The agent takes an action based on the observation.
The agent’s action influences the environment’s state.
The environment then returns a new state to the agent, along with a reward indicating the goodness of the action taken.

Reinforcement learning is currently used by a few applications in industry, namely recommending personalised advertisements, improving search engines, and more recently, improving pricing algorithms of ride-hailing applications based on live demand and supply. While RL currently does not have as many applications as domains like computer vision and natural language processing, RL is a promising and upcoming method with high potential in fields like robotics (think automating thousands of manual processes in factories), self-driving vehicles (think reducing accident rates while significantly improving logistics transportation efficiency) and, of course, video games (who doesn’t enjoy seeing games being solved/mastered?)

Reinforcement learning can seem quite intimidating to beginners due to the vastness of the field. In this blog article, I will share the resources and some advice on how to use them effectively to get started with learning reinforcement learning. These recommendations are heavily opinionated based on my own learning journey in RL.

Introductory Reinforcement Learning

Reinforcement learning is a sub-field of machine learning, and so learning RL will require learning machine learning. You should also learn RL in consideration of mathematical theory and practical coding. The following 3 resources are thus recommended based on those considerations.

1. Machine Learning Crash Course by Google

Reinforcement learning requires many concepts from machine learning (ML). This crash course (that contains mainly explanatory videos) provides an introductory understanding to the main ML concepts that you will need for RL. Some concepts covered: Training vs Validation vs Testing, Classification vs Regression, Introductory Neural Networks.

2. Reinforcement Learning: A Tutorial by Harmon & Harmon

This tutorial presents the theory of RL at an introductory level. It formalises the RL paradigm with math, and is a great resource so that concepts are rigorous and not too hand-wavy. The math and notation may make it look intimidating, but if you understand the underlying motivation and concepts, understanding the notation will come naturally. Follow through thoroughly and you will be rewarded well. Topics covered: Dynamic programming, Value iteration, Q-learning, Temporal difference learning, Discounting rewards. Nonetheless, even if you’re unable to follow through, you should still face no problem proceeding with the next resource on Medium.

3. Deep RL Course on Medium by Thomas Simonini

This Medium series on deep RL (deep because it uses deep neural networks) is one of the best courses for learning introductory deep RL with a good balance of practical coding and RL theory. Topics covered: Deep Q-learning, Policy Gradients, Actor Critics, Unity-ML Agents. The resources up to actor critics are excellent; Learning Unity-ML Agents is optional, learn it if you are interested in the Unity-ML Agents environments.

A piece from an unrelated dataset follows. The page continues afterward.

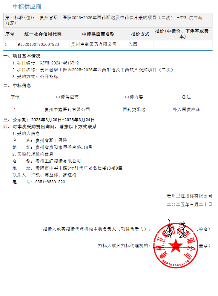 【贵州省职工医院】贵州省职工医院2025-2026年西药配送及中药饮片采购项目(二次)中标公告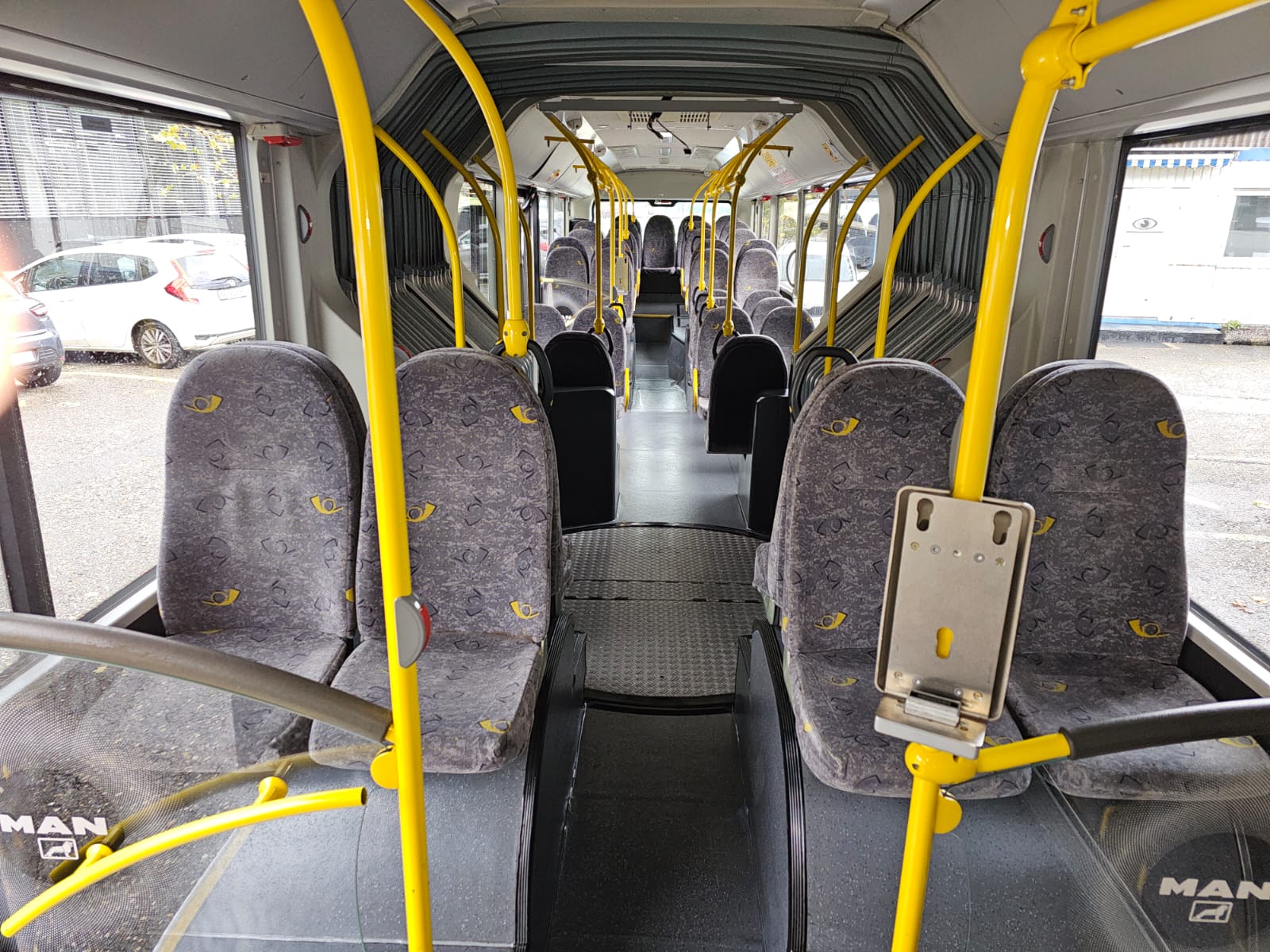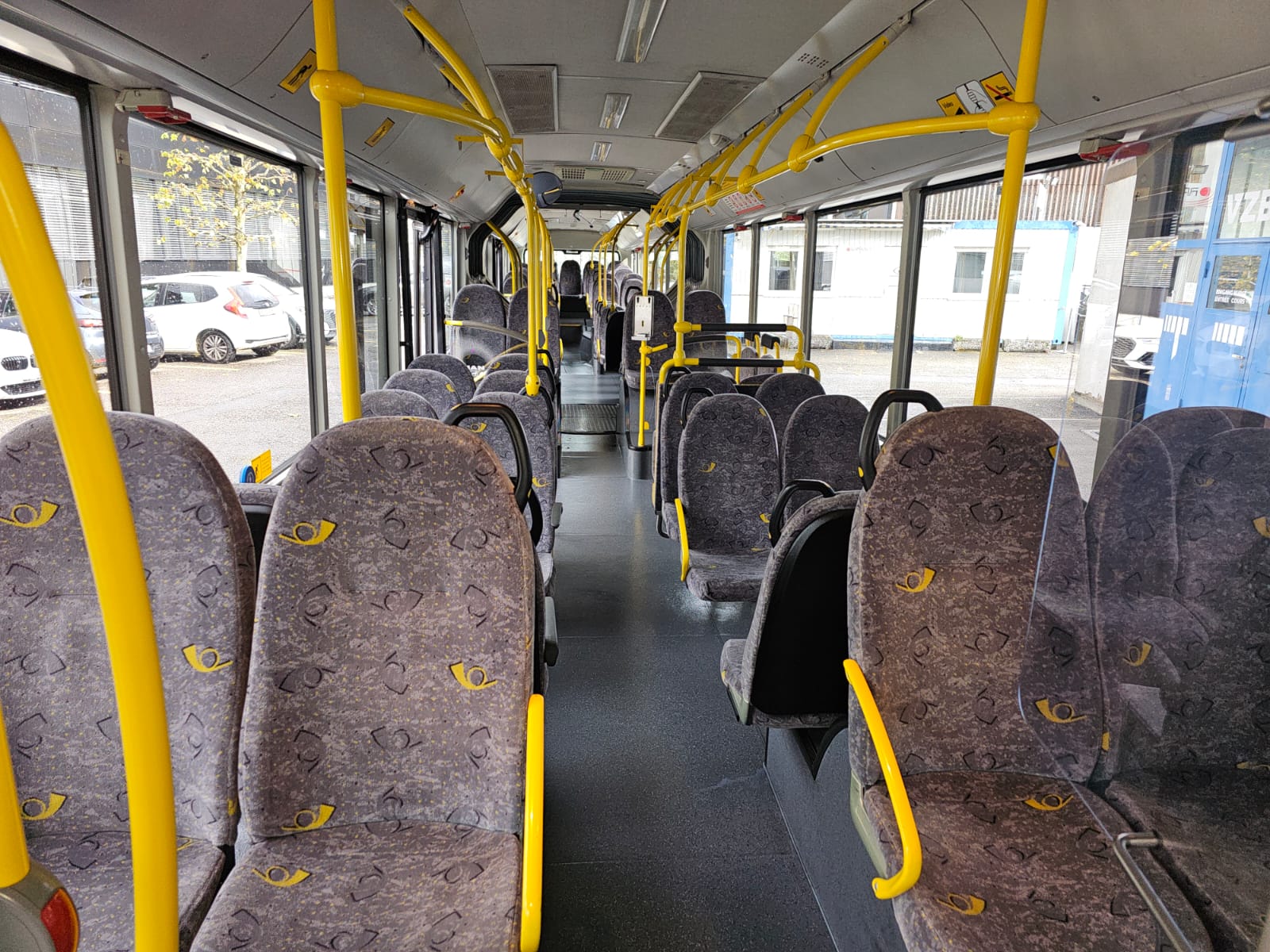 3 Türen, el. Innenschwingtüren, el. Aussenschiebetüren, Stehperron für RS resp. KiWa, Notklappsitze, RS-Rampe ausklappbar Türe 2, Scheiben doppelt, Normalbestuhlung, Sitze hoch/fest, Sitze Stoff, RPF Russpartikelfilter, ABS, ASR, Linienanzeige Front, Linienanzeige Heck, Linienanzeige Seitlich, Tacho Fahrerkarte, Retarder Hydraulisch ZF/Voith, Hebe-/Senkanlage, Dachlucke, Standheizung WEBASTO, Klima Voll, Radio / CD, Sprechanlage

Tools for Reinforcement Learning

1. RL Gym Environments

RL Gym environments are the simulation software that is used to train RL agents in. They’re called “gyms” because of OpenAI gym’s standardisation of environment APIs. There are too many RL environments, but here are some lists to refer to: awesome-rl-envs, env-zoo and awesome-deep-rl. The RL environments are diverse and many are really cool, such as IKEA furniture assembly, Retro games and autonomous vehicle simulators.

2. RL Frameworks

RL frameworks are frameworks made specifically for building RL agents and/or training them. While most RL research work use general deep learning frameworks, e.g. PyTorch, TensorFlow, JAX, FLAX, Pytorch Lightning, TensorFlow Probability, there are also RL frameworks available. There is currently no established “best” RL frameworks yet due to the diversity of RL concepts, but I found Stable Baselines (recently version 3) very useful for basic usage of RL. TensorFlow Agents is a library used by some companies in industry. minimalRL and CleanRL are repositories of minimal code implementations of RL algorithms in PyTorch that is useful for learning.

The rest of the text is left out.